His work is metaphorical for me. It strives to grasp what can’t be grasped. German mystics like Meister Eckhart reached for the same unreachable truths and in doing so enriched the German language immeasurably. Every neologism is a metaphor. Every good metaphor brings new insight. “Truth is a mobile army of metaphors” Nietzsche wrote, and I love the idea, both as it brackets out any sense for absolute truth and as it welcomes that mobile army.
Alex claims he doesn’t believe in metaphors. We are dear friends despite and because of our respective disbeliefs.

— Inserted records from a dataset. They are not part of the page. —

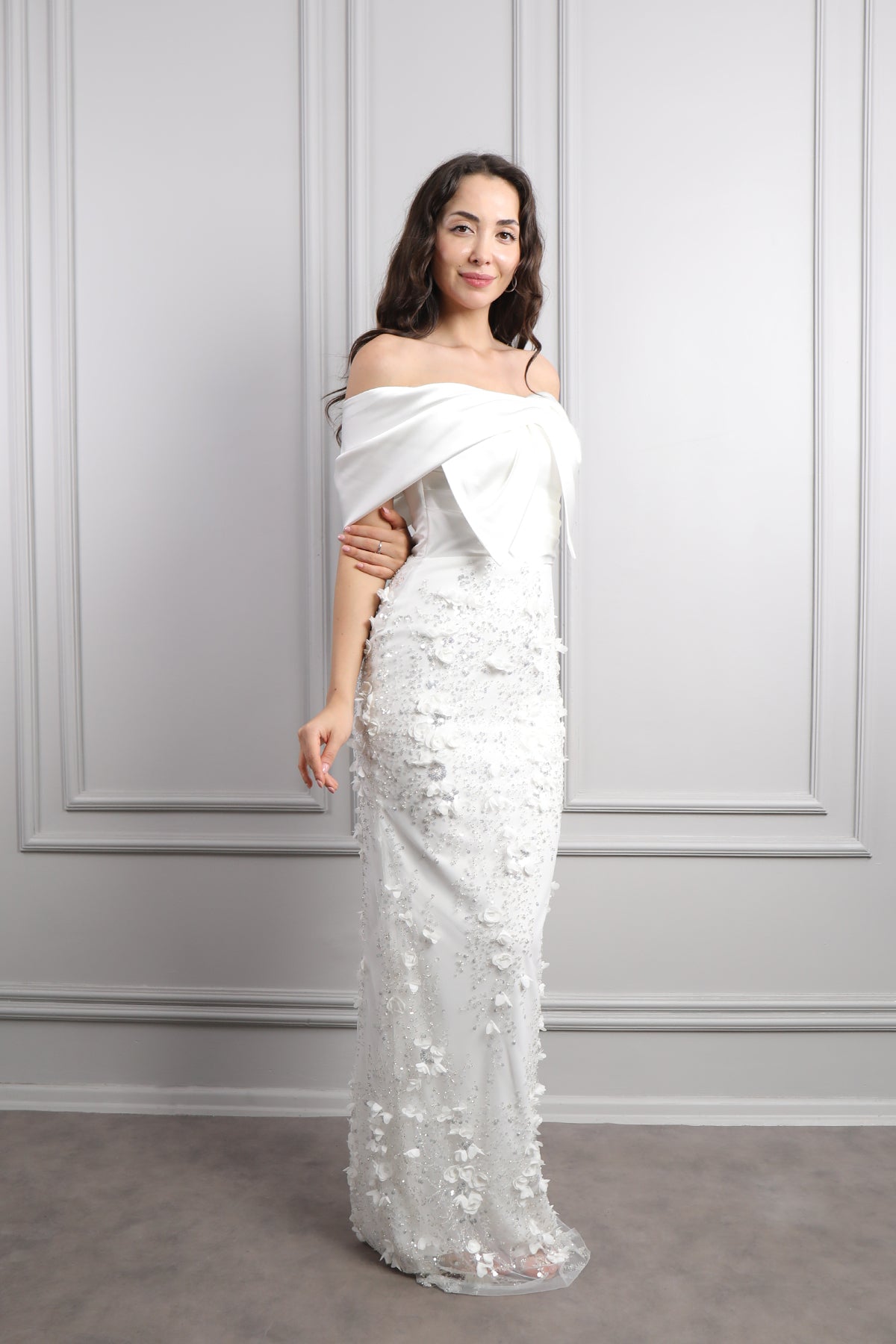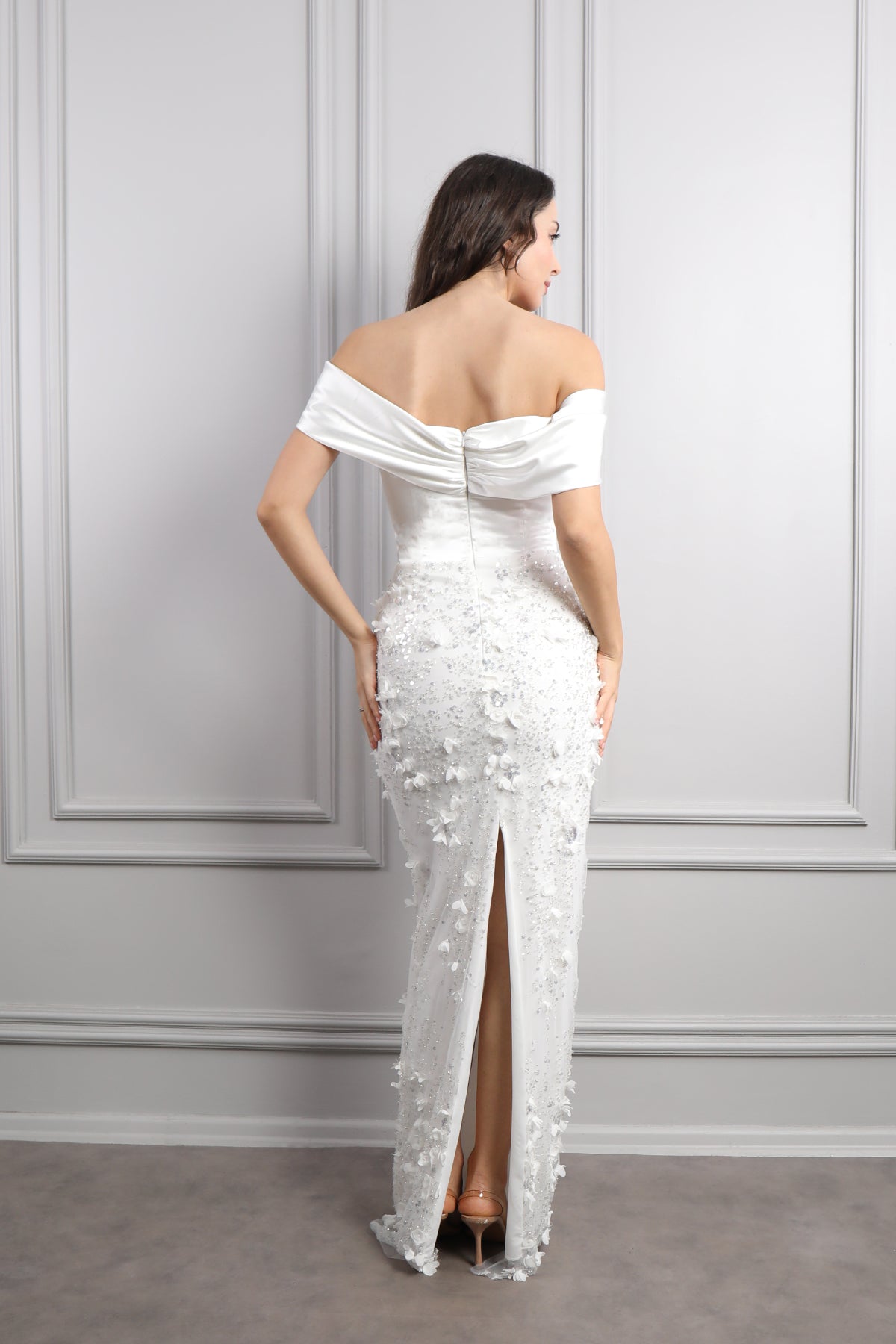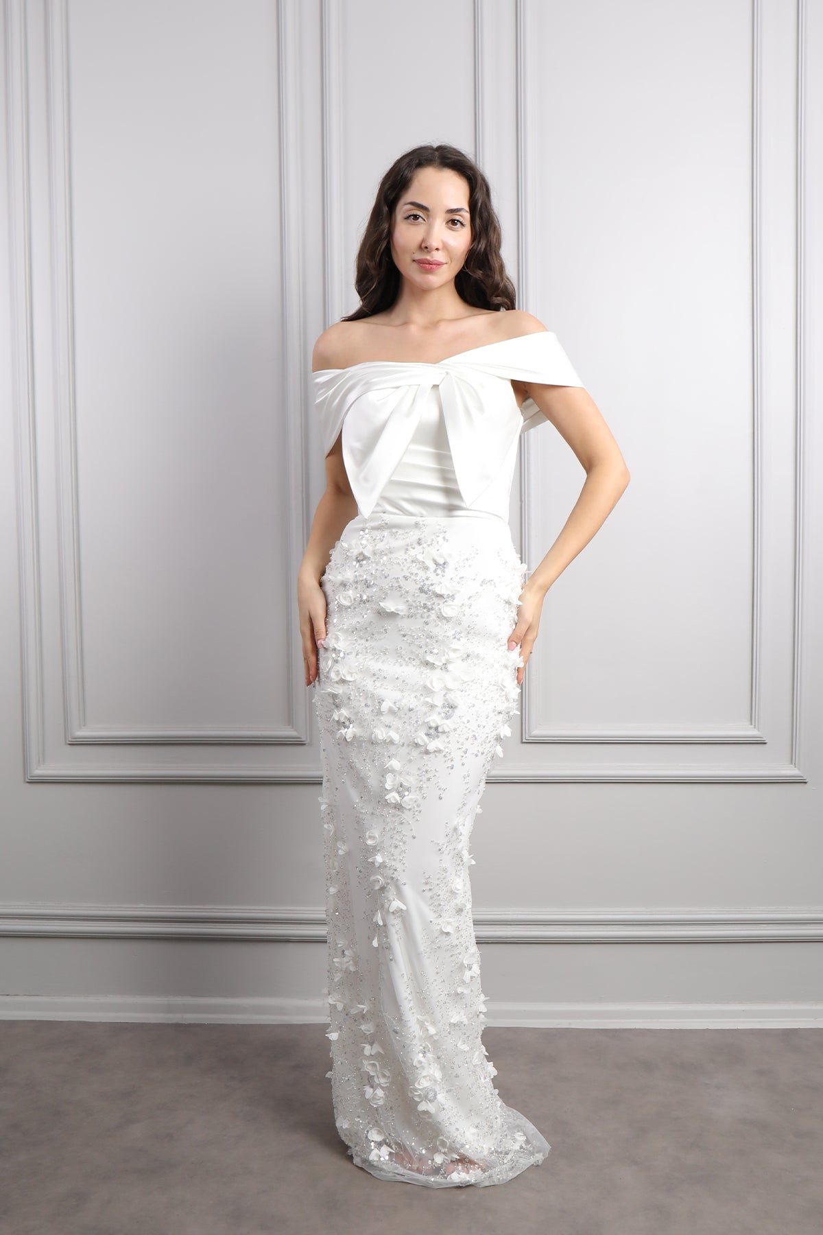 Kayık Yaka Önü Fiyonk Görünümlü Çiçek Detaylı Abiye Kemik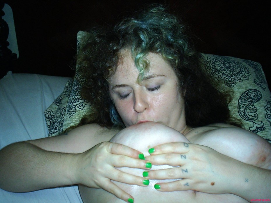 Sucking her tit.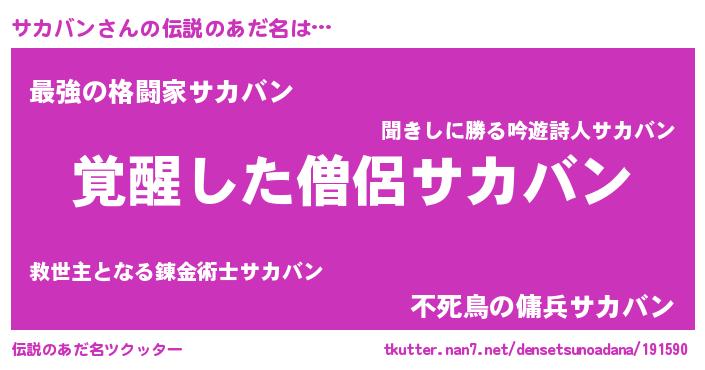 | 女子向けラノベタイトル風あだ名 | 『サカバン様がみてる』『闇のサカバン』 |

I titled my blog post on your book “A Tight Sphinctered Response to a Novel in Seven Stories.” I loved your characters. I loved the book’s warm-hearted portrayals of them in all their difference. I loved the interwoven stories. But I had trouble with the healing, if you remember, with the supernatural. I figured it was my problem as opposed to the book’s problem and ended the little essay like this:
Nichols I thought, a sudden thought, maybe even an epiphany, loves nature like I love nature. These are my flowers. I know them. They help me make sense of the universe. Nichols’ characters love nature too. So what if they also love the super-natural? Give them a break. Loosen your rational sphincter a bit. You don’t have to believe them. Their believing is their business. Isn’t it interesting, after all, to find your way into minds like these — such varied minds and bodies all of whom the author so clearly loves. Come on man, you can straddle the air for a bit. Nobody’s asking you to walk on water.
I can sometimes suspend my proverbial disbelief.
You are working in this essay with the idea of “Mormon literature.” One version would include work by faithful Mormons and its products would be faith promoting. Or it could include work by faithful and not-so-faithful Mormons and ex-Mormons with its works ranging from faith promoting to antagonistic. I guess I prefer the latter.
You quote Brian Evenson, one of my favorite writers. I reviewed several of his works for Open Letters Monthly a couple of years ago.
Here’s a taste of the long piece:
In Evenson’s novel The Open Curtain, a young Rudd Theurer experiences a break between what he thought to be true and what he now perceives to be true. Letters to and from his dead father reveal, perhaps, an illegitimate half-brother. His mother tightens her lips and claims the opposite: “It’s simple truth. . . . We know the truth. There’s no reason to speak of this again.” Not surprisingly, given his mother’s Mormon preference for “truth” over reality, Rudd begins to “have an odd relation to words.” He reads an old story in the 1903 New York Times about William Hooper Young, a grandson of Brigham Young who was on trial for a ritual murder. The newspaper account, supplemented by symbolic signs and penalties Theurer experiences in the Mormon temple ritual, works in him corrosively, structures and de-structures his identity until he commits ritual murders of his own. When Theurer cuts Mormon/Masonic temple symbols into the bodies of his victims, he reifies violent metaphors with which his religion has made sense of the world.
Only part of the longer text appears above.